I think the web page used some sort of technics when rendering. How can I parse the web pages successfully?
I used BeautifulSoup 4 on Python 3.5. I loaded the page as follows:
import requests
from bs4 import BeautifulSoup
html = requests.get(url).text
soup = BeautifulSoup(html, "html.parser", from_encoding="utf-8")
return soup
You would do better to use something like selenium for this as follows:
from bs4 import BeautifulSoup
from selenium import webdriver
browser = webdriver.Firefox()
browser.get("http://www.vogue.com/fashion-shows/fall-2016-menswear/fendi#collection")
html_source = browser.page_source
soup = BeautifulSoup(html_source, "html.parser")

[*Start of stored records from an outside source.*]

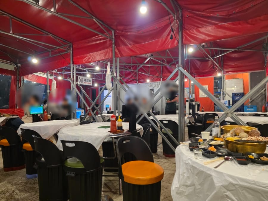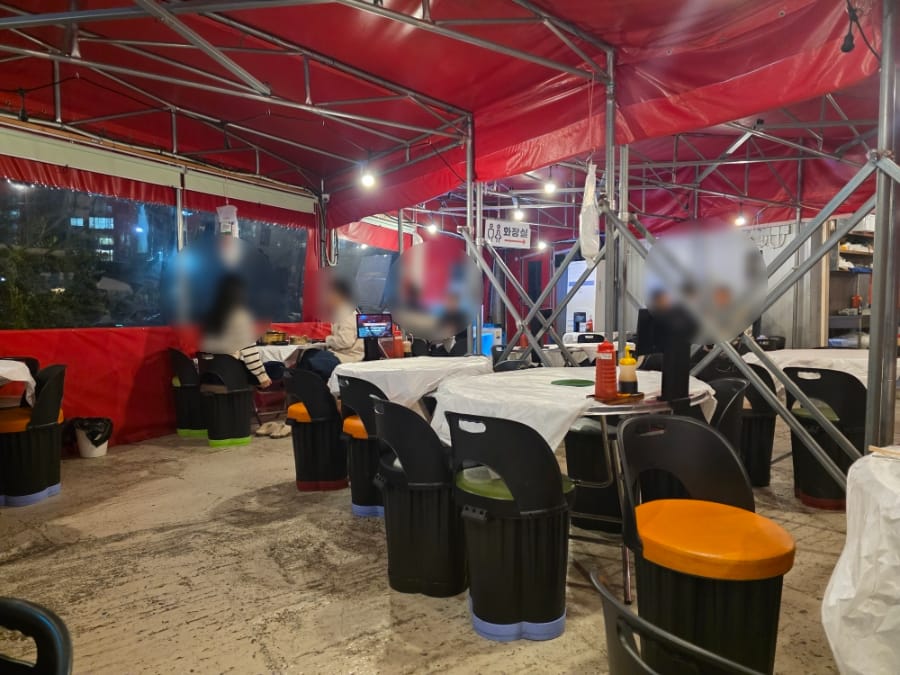 내부는 빨간 천막이 쳐진 포차 스타일입니다.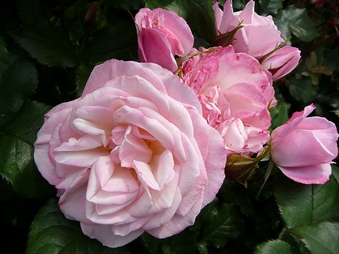 可憐なピンク色の小花が次々咲くつるバラです。やさしい日本的な花です。花弁数:15枚位で半剣弁平咲きです。 |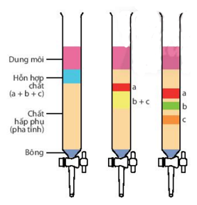 c. Hình mô phỏng thí nghiệm phương pháp sắc kí cột.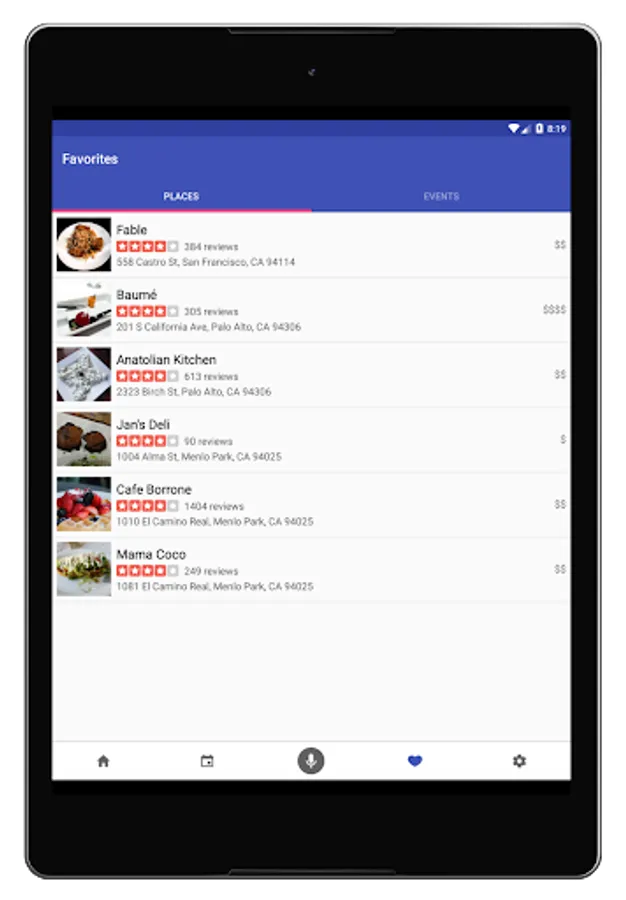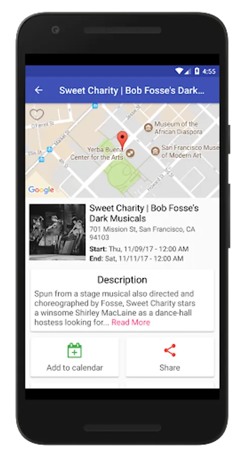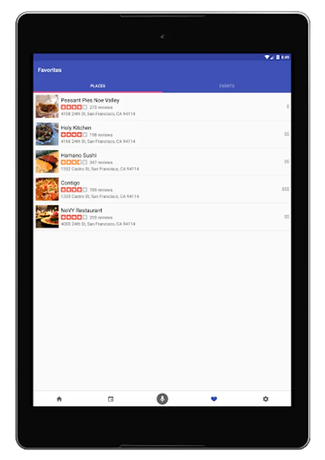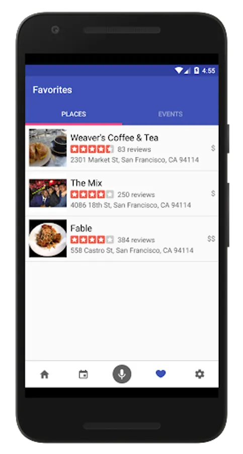 Found a place or event that you really like or want to save for later? Click the heart in the top left of any place or event view to save it to your favorites! Favorites are split up by places and events, and you can unfavorite anything whenever you want by just clicking the heart again!

for item in soup.find_all("img", {"class":"grid-item--image"}):
print(item.get('srcset'))
This would display the following kind of output:
http://assets.vogue.com/photos/569d37e434324c316bd70f04/master/w_195/_FEN0016.jpg
http://assets.vogue.com/photos/569d37e5d928983d20a78e4f/master/w_195/_FEN0027.jpg
http://assets.vogue.com/photos/569d37e834324c316bd70f0a/master/w_195/_FEN0041.jpg
http://assets.vogue.com/photos/569d37e334324c316bd70efe/master/w_195/_FEN0049.jpg
http://assets.vogue.com/photos/569d37e702e08d8957a11e32/master/w_195/_FEN0059.jpg
...
...
...
http://assets.vogue.com/photos/569d3836486d6d3e20ae9625/master/w_195/_FEN0616.jpg
http://assets.vogue.com/photos/569d381834324c316bd70f3b/master/w_195/_FEN0634.jpg
http://assets.vogue.com/photos/569d3829fa6d6c9057f91d2a/master/w_195/_FEN0649.jpg
http://assets.vogue.com/photos/569d382234324c316bd70f41/master/w_195/_FEN0663.jpg
http://assets.vogue.com/photos/569d382b7dcd2a8a57748d05/master/w_195/_FEN0678.jpg
http://assets.vogue.com/photos/569d381334324c316bd70f2f/master/w_195/_FEN0690.jpg
http://assets.vogue.com/photos/569d382dd928983d20a78eb1/master/w_195/_FEN0846.jpg
This allows the full rendering of the page to take place inside the browser, and the resulting HTML can then be obtained.